**Task:** The answer is all of the data repeated exactly, with each picture omitted.

**Data:**
───

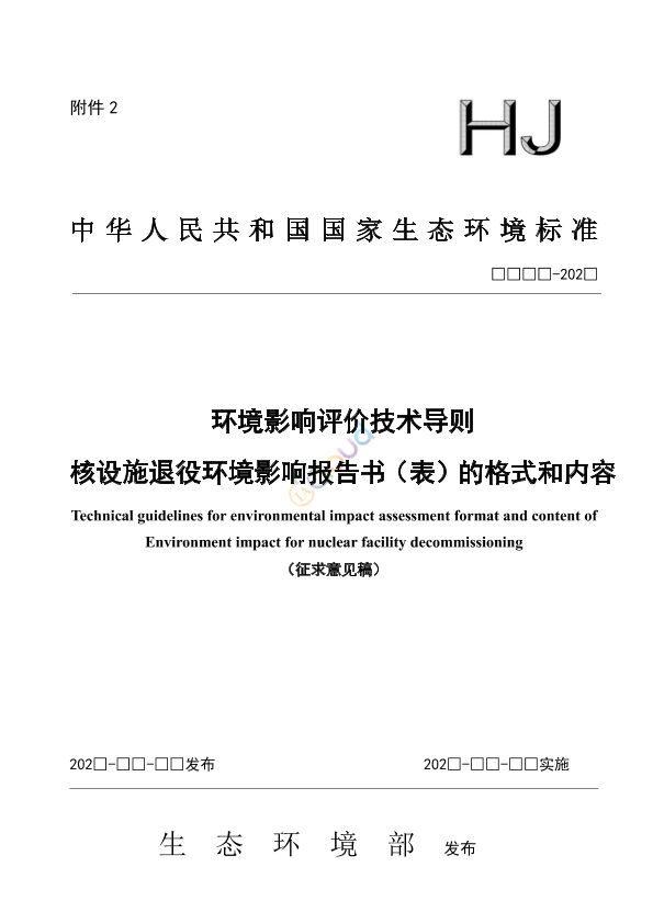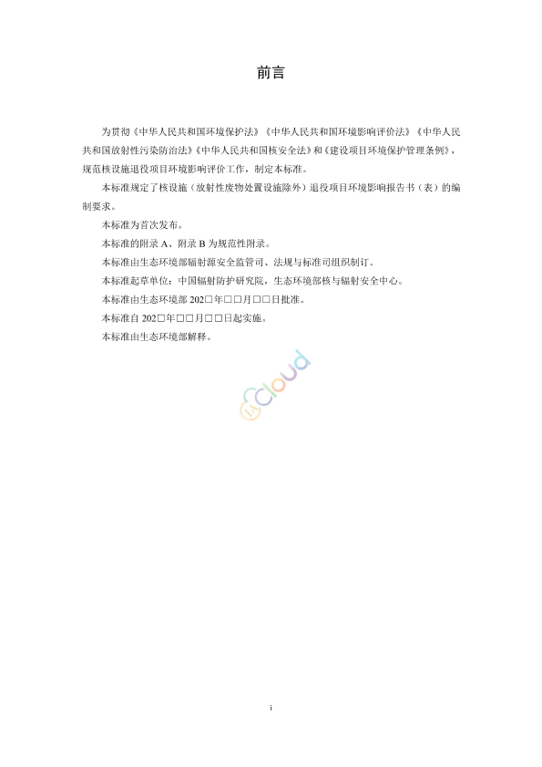 为贯彻《中华人民共和国环境保护法》《中华人民共和国环境影响评价法》《中华人民共和国放射性污染防治法》《中华人民共和国核安全法》和《建设项目环境保护管理条例》,规范核设施退役项目环境影响评价工作,制定本标准。 本标准规定了核设施(放射性废物处置设施除外)退役项目环境影响报告书(表)的编制要求。 本标准为首次发布。 本标准的附录 A、附录 B 为规范性附录。 本标准由生态环境部辐射源安全监管司、法规与标准司组织制订。 本标准起草单位:中国辐射防护研究院,生态环境部核与辐射安全中心。 本标准由生态环境部 202□年□□月□□日批准。 本标准自 202□年□□月□□日起实施。 本标准由生态环境部解释。
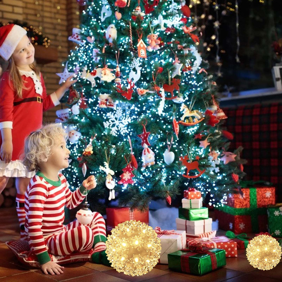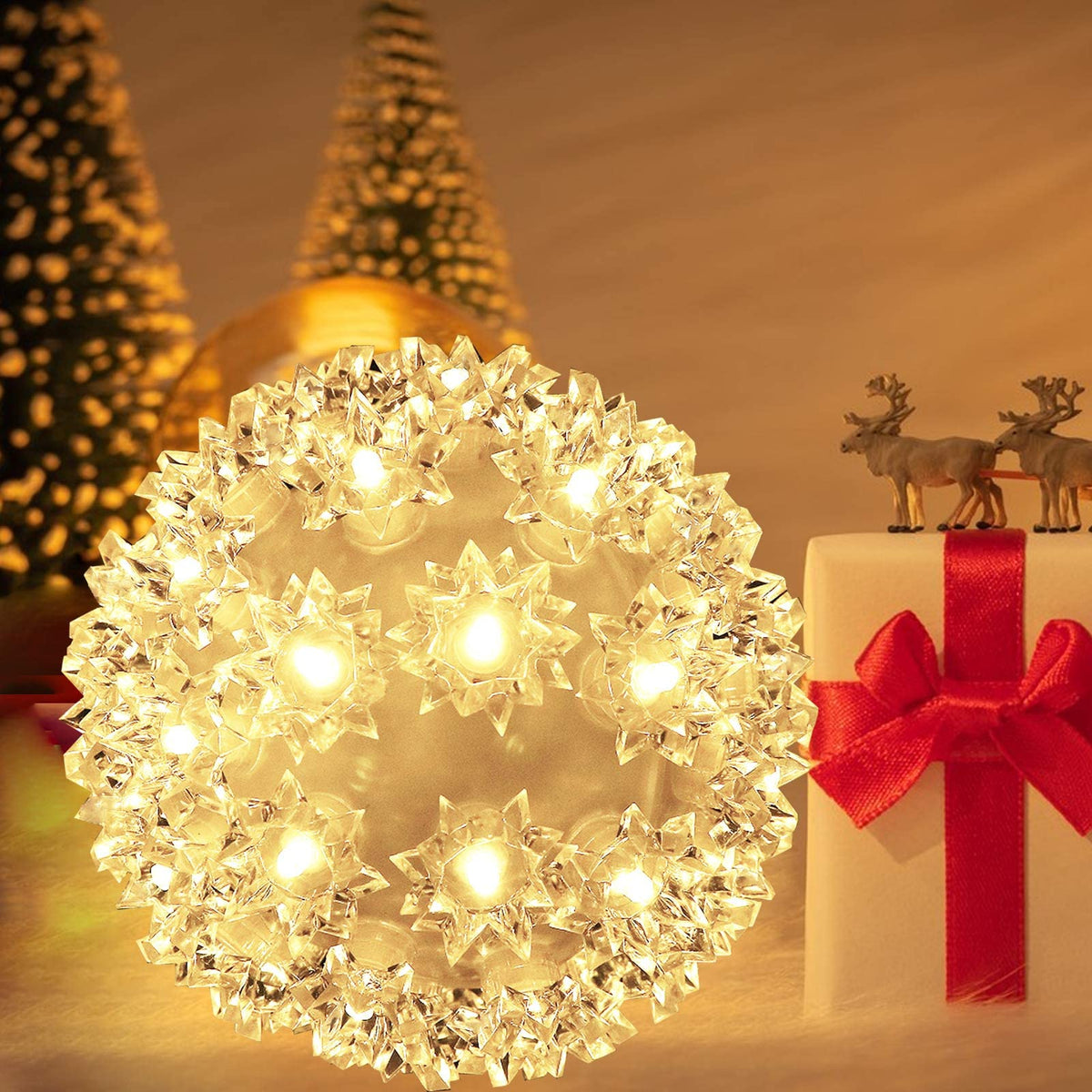 Q: Are these lights suitable for outdoor use?A: Yes, the Christmas Lights Ball is designed for both indoor and outdoor use, featuring an IP44 ingress protection rating, which means it is resistant to water splashes.
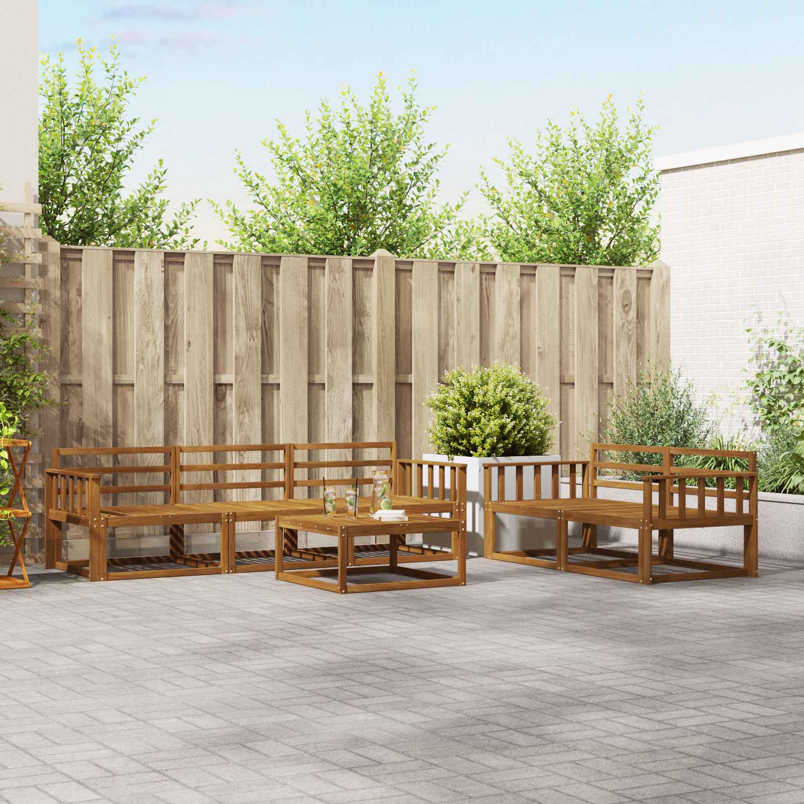Ta eleganten set sofasetov je točno tisto, kar potrebujete za vaš vrt, teraso ali bazen. Moderno zasnovan, združuje stil in funkcionalnost, njegove tople rjave barve in letvasta hrbtišča prinašajo pridih luksuza, ter ustvarjajo udoben prostor za druženje ali sproščanje. Ne glede na to, ali ste pod streho ali na soncu, ta set prinaša brezčasen šarm in prilagodljivost, kar vabi vse, da uživajo v zunanjih trenutkih. Trden akacijev les: Ta sofaset je narejen iz vrhunskega trdega akacijevega lesa, kar zagotavlja naravno lepoto in trpežnost. Akacija je znana po svoji odpornosti na vreme in obrabo, kar podaljšuje življenjsko dobo pohištva. Lesena struktura je enostavna za vzdrževanje in idealna za moderne uporabnike. Letvasta zasnova: Z elegantno letvasto zasnovo, ta sofaset prinaša funkcionalnost in zračnost. Ergonomična podpora za hrbet nudi udobje, estetska zasnova pa izboljšuje zunanje površine, kar ustvarja prijetna mesta za druženje ali sprostitev. Fiksni letvičasti okvir: Z močno, fiksno zasnovo okvirja, ta sofaset zagotavlja stabilnost in zanesljivost. Idealna izbira za zunanje prostore, konstrukcija pa doda estetsko vrednost, ki poudarja tako trpežnost kot šik izgled. Lastnost odporna na vreme: Zasnovan za zunanjo uporabo, ta set je odporen na različne vremenske pogoje. Od sončnega vremena do vetrovnih večerov, materiali in zasnova zaščitijo pohištvo, da ostane udobno skozi vse leto. Modularna konfiguracija: Ta sofaset vam omogoča, da prilagodite svoje sedežne postavitve, kar je super za različne priložnosti. Ustvarite intime skupine ali širša ležišča, kar se enostavno prilagaja vašim potrebam. Njegova vsestranskost povečuje uporabnost in omogoča prilagoditev prostora po želji.
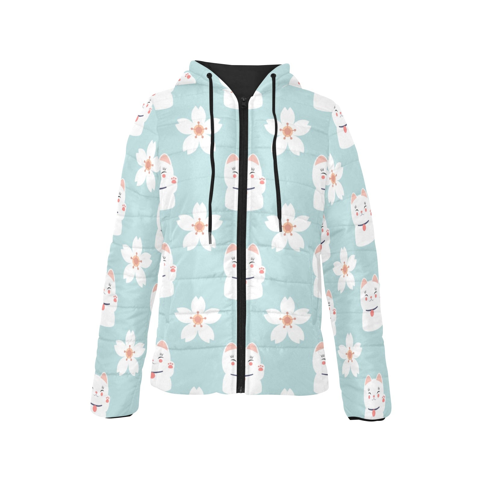 Maneki neko cat sakura Women's Padded Hooded Jacket

───

**Response:**
 为贯彻《中华人民共和国环境保护法》《中华人民共和国环境影响评价法》《中华人民共和国放射性污染防治法》《中华人民共和国核安全法》和《建设项目环境保护管理条例》,规范核设施退役项目环境影响评价工作,制定本标准。 本标准规定了核设施(放射性废物处置设施除外)退役项目环境影响报告书(表)的编制要求。 本标准为首次发布。 本标准的附录 A、附录 B 为规范性附录。 本标准由生态环境部辐射源安全监管司、法规与标准司组织制订。 本标准起草单位:中国辐射防护研究院,生态环境部核与辐射安全中心。 本标准由生态环境部 202□年□□月□□日批准。 本标准自 202□年□□月□□日起实施。 本标准由生态环境部解释。
 Q: Are these lights suitable for outdoor use?A: Yes, the Christmas Lights Ball is designed for both indoor and outdoor use, featuring an IP44 ingress protection rating, which means it is resistant to water splashes.
Ta eleganten set sofasetov je točno tisto, kar potrebujete za vaš vrt, teraso ali bazen. Moderno zasnovan, združuje stil in funkcionalnost, njegove tople rjave barve in letvasta hrbtišča prinašajo pridih luksuza, ter ustvarjajo udoben prostor za druženje ali sproščanje. Ne glede na to, ali ste pod streho ali na soncu, ta set prinaša brezčasen šarm in prilagodljivost, kar vabi vse, da uživajo v zunanjih trenutkih. Trden akacijev les: Ta sofaset je narejen iz vrhunskega trdega akacijevega lesa, kar zagotavlja naravno lepoto in trpežnost. Akacija je znana po svoji odpornosti na vreme in obrabo, kar podaljšuje življenjsko dobo pohištva. Lesena struktura je enostavna za vzdrževanje in idealna za moderne uporabnike. Letvasta zasnova: Z elegantno letvasto zasnovo, ta sofaset prinaša funkcionalnost in zračnost. Ergonomična podpora za hrbet nudi udobje, estetska zasnova pa izboljšuje zunanje površine, kar ustvarja prijetna mesta za druženje ali sprostitev. Fiksni letvičasti okvir: Z močno, fiksno zasnovo okvirja, ta sofaset zagotavlja stabilnost in zanesljivost. Idealna izbira za zunanje prostore, konstrukcija pa doda estetsko vrednost, ki poudarja tako trpežnost kot šik izgled. Lastnost odporna na vreme: Zasnovan za zunanjo uporabo, ta set je odporen na različne vremenske pogoje. Od sončnega vremena do vetrovnih večerov, materiali in zasnova zaščitijo pohištvo, da ostane udobno skozi vse leto. Modularna konfiguracija: Ta sofaset vam omogoča, da prilagodite svoje sedežne postavitve, kar je super za različne priložnosti. Ustvarite intime skupine ali širša ležišča, kar se enostavno prilagaja vašim potrebam. Njegova vsestranskost povečuje uporabnost in omogoča prilagoditev prostora po želji.
 Maneki neko cat sakura Women's Padded Hooded Jacket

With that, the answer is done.